GDP aggregates: Publication of GDP aggregates is – in my eyes – still insufficient. My own findings tell me that there is only a distinction in shares of total GDP for total final consumption expenditure, gross capital formation and net exports for goods and services. But I have never seem a special headline showing “private consumption”(which should be particularly interesting when analyzing China’s new objectives of economic policy). Please tell me if I have missed something!

GINI: This indicator for income inequality (income distribution) “improved” in 2014 to 0.469 from 0.473 the year before – but still above the warning level of 0.40 set by the UN. The uneven distribution of income has certainly been embarrassing for China’s leading politicians for quite some years. Thus, improvements of the GINI indicator must be regarded as important. But by as little as 0.004 index points? This statistical accuracy looks somewhat strange.

Unemployment: Looking, for example, at the migration number below may indicate that unemployment should be higher than the officially noted urban unemployment rate (4.1%). Since the rural population counts for almost half of the Chinese population, there is also an urgent need to achieve acceptable statistics on rural unemployment. However, improved methodology as regards unemployment statistics have been announced recently. What will be the result?

Very small annual changes: As can be observed by the following new statistical numbers for 2014, changes from 2013 to 2014 are often very limited. Too limited?

¤ Some interesting official statistics for 2014

¤ Population: 1.37 billion (1,37 miljarder in Swedish); of which 54.8 % urban and 45.2 % rural population; of which 51.2 % male and 48.8 % female citizens; 138 million 65 years or older (2013: 132 million)

¤ GDP aggregates (share of GDP): total consumption 51.2 %, investment 48.6, net exports: 0.2 %

¤ Employment: 773 million (urban 393 million; total 2013: 770 million); migrant workers: 274 million citizens

¤ Shares of production: primary sector 9.2 % (2013: 10.0%), secondary sector 42.6 % (2013: 43.9%), tertiary sector 48.2 % (2013: 46.1%, for the first time larger than the secondary sector)

¤ Consumer Price Index (average): 2.0 % (of which urban inflation 2.1%, rural inflation 1.8 %; 2013 average 2.6%)

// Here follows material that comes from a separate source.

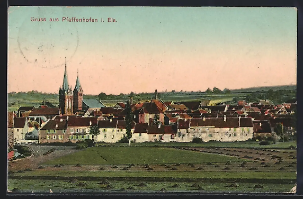 AK Pfaffenhoffen i. Els., Vue sur le village avec l`église et les champs environnants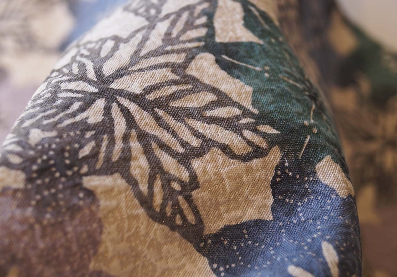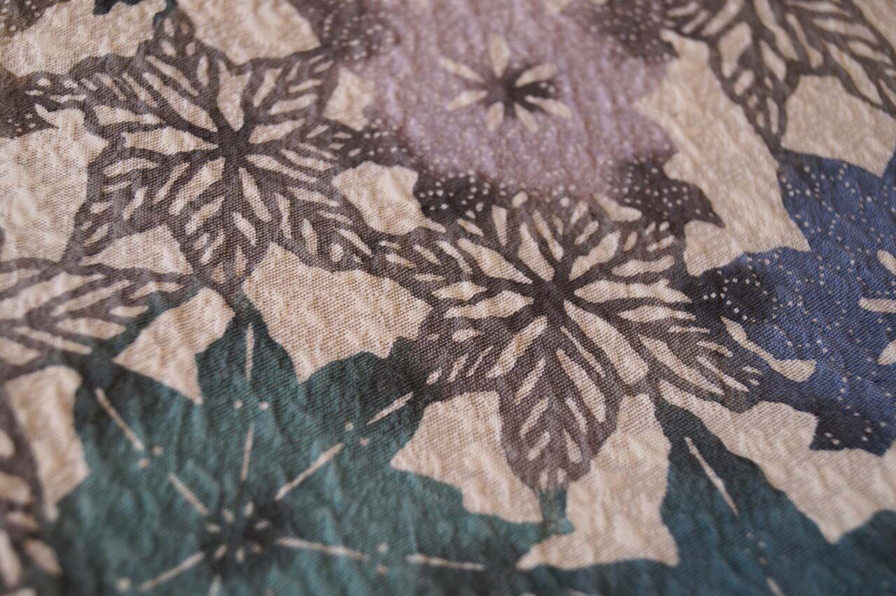 花が全面的に型染めされていますが、

¤ Foreign exchange reserves (year end : 3 843 billion USD; 2013 year end: 3821 billion)

¤ Retail sales of consumer goods: 26 239 billion yuan (+10.9 % in volume terms ); of which online sales : 2 790 billion (+49,7 %)

¤ Internet users: 649 million (of which 557 million mobile internet users; total internet coverage 47.9 %)

¤ Real disposable income: + 8.0 % (2013: 8.1)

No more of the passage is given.